▶ [Work to complete]
The entries below contain a line with "在主图形成白色楔形三角向上即" and a line with "Parallel dazu nahmen". Quote exactly those two lines and all lines between them.
■ ■ ■ ■
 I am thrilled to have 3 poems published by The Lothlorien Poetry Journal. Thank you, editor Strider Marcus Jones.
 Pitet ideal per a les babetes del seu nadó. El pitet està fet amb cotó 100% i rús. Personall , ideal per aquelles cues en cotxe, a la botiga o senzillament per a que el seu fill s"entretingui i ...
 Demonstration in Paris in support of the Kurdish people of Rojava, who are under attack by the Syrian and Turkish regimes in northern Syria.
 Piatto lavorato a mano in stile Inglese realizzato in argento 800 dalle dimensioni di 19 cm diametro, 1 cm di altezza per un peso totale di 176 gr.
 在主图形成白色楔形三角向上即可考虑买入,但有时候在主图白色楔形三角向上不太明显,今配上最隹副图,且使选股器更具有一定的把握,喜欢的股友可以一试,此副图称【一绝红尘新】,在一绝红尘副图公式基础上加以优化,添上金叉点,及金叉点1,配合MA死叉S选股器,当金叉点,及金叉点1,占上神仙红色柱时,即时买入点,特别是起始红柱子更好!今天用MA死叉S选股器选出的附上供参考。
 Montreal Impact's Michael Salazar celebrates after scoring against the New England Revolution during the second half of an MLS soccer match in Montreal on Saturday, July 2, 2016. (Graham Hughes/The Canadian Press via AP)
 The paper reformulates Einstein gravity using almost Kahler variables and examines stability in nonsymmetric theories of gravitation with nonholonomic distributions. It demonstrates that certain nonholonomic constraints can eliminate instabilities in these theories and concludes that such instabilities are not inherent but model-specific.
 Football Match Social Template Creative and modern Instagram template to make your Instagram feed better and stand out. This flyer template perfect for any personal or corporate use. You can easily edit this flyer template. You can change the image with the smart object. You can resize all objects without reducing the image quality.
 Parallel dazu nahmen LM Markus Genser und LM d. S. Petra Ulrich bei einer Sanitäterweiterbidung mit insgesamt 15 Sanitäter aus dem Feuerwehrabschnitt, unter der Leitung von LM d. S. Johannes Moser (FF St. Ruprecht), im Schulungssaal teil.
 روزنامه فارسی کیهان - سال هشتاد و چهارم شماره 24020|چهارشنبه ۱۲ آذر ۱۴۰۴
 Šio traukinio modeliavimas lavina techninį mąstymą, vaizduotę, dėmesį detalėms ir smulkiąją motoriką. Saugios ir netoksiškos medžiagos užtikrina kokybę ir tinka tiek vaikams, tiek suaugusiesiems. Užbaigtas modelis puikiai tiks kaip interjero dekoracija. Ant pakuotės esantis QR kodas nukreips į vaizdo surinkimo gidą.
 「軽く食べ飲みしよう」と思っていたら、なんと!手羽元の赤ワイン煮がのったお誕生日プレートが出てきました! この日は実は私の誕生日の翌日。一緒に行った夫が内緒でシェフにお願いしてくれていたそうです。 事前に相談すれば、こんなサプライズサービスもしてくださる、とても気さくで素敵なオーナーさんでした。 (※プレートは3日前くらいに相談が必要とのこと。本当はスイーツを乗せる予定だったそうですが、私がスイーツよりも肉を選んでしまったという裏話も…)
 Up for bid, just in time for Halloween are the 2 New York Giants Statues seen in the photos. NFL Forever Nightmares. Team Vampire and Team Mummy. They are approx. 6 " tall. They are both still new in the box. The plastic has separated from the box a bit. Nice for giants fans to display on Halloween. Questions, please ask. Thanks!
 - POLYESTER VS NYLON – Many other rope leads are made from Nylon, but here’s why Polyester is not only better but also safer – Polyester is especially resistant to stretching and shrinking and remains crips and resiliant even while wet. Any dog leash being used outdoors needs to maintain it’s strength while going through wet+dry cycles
■ ■ ■ ■
▶ [The answer]
 在主图形成白色楔形三角向上即可考虑买入,但有时候在主图白色楔形三角向上不太明显,今配上最隹副图,且使选股器更具有一定的把握,喜欢的股友可以一试,此副图称【一绝红尘新】,在一绝红尘副图公式基础上加以优化,添上金叉点,及金叉点1,配合MA死叉S选股器,当金叉点,及金叉点1,占上神仙红色柱时,即时买入点,特别是起始红柱子更好!今天用MA死叉S选股器选出的附上供参考。
 Montreal Impact's Michael Salazar celebrates after scoring against the New England Revolution during the second half of an MLS soccer match in Montreal on Saturday, July 2, 2016. (Graham Hughes/The Canadian Press via AP)
 The paper reformulates Einstein gravity using almost Kahler variables and examines stability in nonsymmetric theories of gravitation with nonholonomic distributions. It demonstrates that certain nonholonomic constraints can eliminate instabilities in these theories and concludes that such instabilities are not inherent but model-specific.
 Football Match Social Template Creative and modern Instagram template to make your Instagram feed better and stand out. This flyer template perfect for any personal or corporate use. You can easily edit this flyer template. You can change the image with the smart object. You can resize all objects without reducing the image quality.
 Parallel dazu nahmen LM Markus Genser und LM d. S. Petra Ulrich bei einer Sanitäterweiterbidung mit insgesamt 15 Sanitäter aus dem Feuerwehrabschnitt, unter der Leitung von LM d. S. Johannes Moser (FF St. Ruprecht), im Schulungssaal teil.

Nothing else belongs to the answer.